From: Paolo Bonzini <pbonzini@redhat.com>

softmmu requires more functions to be thread-safe, because translation
blocks can be invalidated from e.g. notdirty callbacks.  Probably the
same holds for user-mode emulation, it's just that no one has ever
tried to produce a coherent locking there.

This patch will guide the introduction of more tb_lock and tb_unlock
calls for system emulation.

Note that after this patch some (most) of the mentioned functions are
still called outside tb_lock/tb_unlock.  The next one will rectify this.

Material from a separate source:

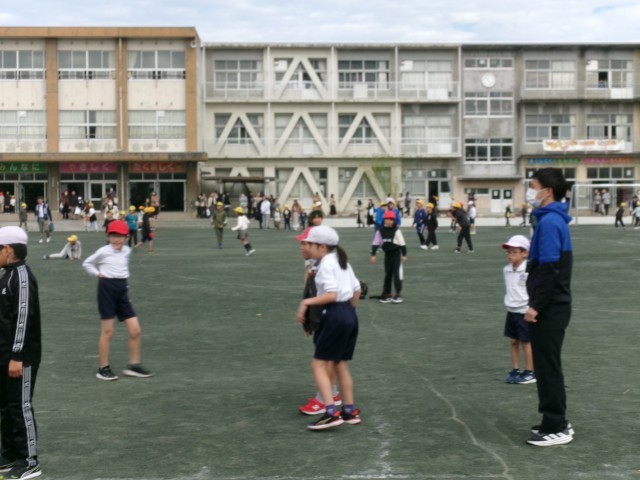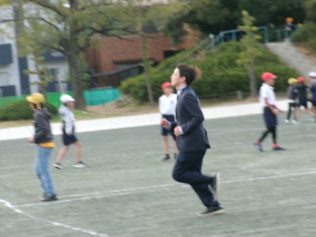 曇り空ですが、多くの子が運動場で走り回っています。また、子どもと一緒に遊んだり、子どもたちの様子を見守ったりしている先生方も多くいます。今日は学校公開で保護者の方も子どもたちと一緒に遊んでいました。※3枚目写真の「+」をクリックするとそれ以外の笑顔が見られます。

Signed-off-by: Paolo Bonzini <pbonzini@redhat.com>
Signed-off-by: Alex Bennée <alex.bennee@linaro.org>

---
v1(ajb):
  - just s-o-b
v2
  - clarify write lock on tb_jump_cache
---
 exec.c                  |  1 +
 include/exec/exec-all.h |  1 +
 include/qom/cpu.h       |  3 +++
 tcg/tcg.h               |  2 ++
 translate-all.c         | 32 ++++++++++++++++++++++++++------
 5 files changed, 33 insertions(+), 6 deletions(-)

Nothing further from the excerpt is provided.